Still plenty of tickets guys. 660 people have looked at this thread, we just need 50 more. Help us out guys!!!

__________________
Brent Pearcy
Bulit Motorsports, TQCells, BSR Racing Tires


----------



## jake86

Tickets are starting to sell again. Keep it coming the quicker we sell them the quicker we can get this over with and people we get these great prizes.

Jason Jackson
S-Rock Racing


----------



## BrentP

We're on the downslide, only 40 or so tickets left. Lets finish this thing up pretty soon!! Plenty of great prizes here so get tickets while you still can.

__________________
Brent Pearcy
Bulit Motorsports, TQCells, BSR Racing Tires


----------



## BrentP

Still plenty of tickets left guys. :thumbsup: 


__________________​Brent Pearcy​Bulit Motorsports, TQCells, BSR Racing Tires


----------



## swtour

To the TOP...

Guys, something I like to tell RC Oval Racers is "SUPPORT THE GUYS WHO SUPPORT WHAT YOU DO~"

This goes for companies whose product you run, companies who take the time to support the events you race at, and people who continue to try to bring you quality oval racing.
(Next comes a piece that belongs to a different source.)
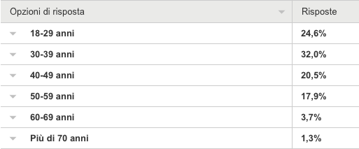 Per tutte queste ragioni, i dati da noi raccolti non possono essere considerati significativi dal punto di vista statistico, in quanto il campionamento non è potuto avvenire in perfetta coerenza con le variabili socio-demografiche dei cittadini italiani. Inoltre, essendo stato promosso attraverso i canali social di Valigia Blu, possiamo ritenere che i dati che vi presentiamo raccontino bene gli orientamenti della nostra community attiva sui social media e sul sito, mentre sono meno attendibili da un punto di vista scientifico.
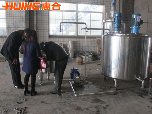英國客戶需要加工類似蜂蜜的糖漿,欲采購不銹鋼容器用于其產(chǎn)品的加工。經(jīng)過與業(yè)務員的多次溝通協(xié)商,客戶于2014年11月底在我公司訂購1000L和100L各一臺乳化罐。歷時1個多月,設(shè)備終于順利完工。2015年1月9日,英國客戶來工廠驗貨,業(yè)務員和技術(shù)工程師對乳化罐作了詳細的講解,客戶對設(shè)備較為滿意。

I personally don't know Jason or Brent, but I have seen them trying hard to bring something to the racers of their area. 

I'm in California and probably won't ever make it to their track...but I wish them luck in their endevors and hope they grow OVAL RACING in their area 100 fold.

Everytime a GOOD Local program gets built it seems a NATIONAL or Major event also picks up two or three racers. If a track can have 30 racers and 3 or 4 of those racers travel to Major events it won't take any time for the BIG events to have draws with 200+ racers again and we'll have some AWESOME Competition.

STEP UP, BUY A TICKET for this raffle, help them put on a better show with a decent scoring system...

Joe Myers
www.southwesttour.com


----------



## jake86

swtour said:


> To the TOP...
> 
> Guys, something I like to tell RC Oval Racers is "SUPPORT THE GUYS WHO SUPPORT WHAT YOU DO~"
> 
> This goes for companies whose product you run, companies who take the time to support the events you race at, and people who continue to try to bring you quality oval racing.
> 
> I personally don't know Jason or Brent, but I have seen them trying hard to bring something to the racers of their area.
> 
> I'm in California and probably won't ever make it to their track...but I wish them luck in their endevors and hope they grow OVAL RACING in their area 100 fold.
> 
> Everytime a GOOD Local program gets built it seems a NATIONAL or Major event also picks up two or three racers. If a track can have 30 racers and 3 or 4 of those racers travel to Major events it won't take any time for the BIG events to have draws with 200+ racers again and we'll have some AWESOME Competition.
> 
> STEP UP, BUY A TICKET for this raffle, help them put on a better show with a decent scoring system...
> 
> Joe Myers
> www.southwesttour.com


Thank you for the Kind words Joe.

Jason Jackson


----------



## BrentP

Thanks Joe, "you hit the nail right on the head"!

__________________
Brent Pearcy
Bulit Motorsports, TQCells, BSR Racing Tires, SROC Racing


----------



## BrentP

C'mon guys! 10 bucks isn't much considering that you will have a 7 in about 85 chance of winning something. & it is for a good cause, imagine not having a decent scoring system. I'm sure some of you have had to deal with this & it is not the most fun thing in the world. Lets see if we can get this thing over with pretty soon. :thumbsup: 

__________________
Brent Pearcy
Bulit Motorsports, TQCells, BSR Racing Tires, SROC Racing


----------



## Roadsplat

Brent, How many more are left? If it goes too much longer at least when you draw me as the winner I'll have a brand new car for next season 

You're right $10 isn't much considering what can be won. I'm surprised it's taken this long to sell them all. C'mon guys lets get this over with for them so they can get their counting system.

RC


----------



## BrentP

Close to 40 I think. I figured this thing would have been over a long time ago.

__________________
Brent Pearcy
Bulit Motorsports, TQCells, BSR Racing Tires, SROC Racing


----------



## jake86

ttt...


----------



## tfrahm

Come on, people! Support this club -- they are a great bunch of guys! I've already bought my two tickets, and I'm not even a 'local' -- I only get to race with them on special occasions, but every time is a really good 'road trip'...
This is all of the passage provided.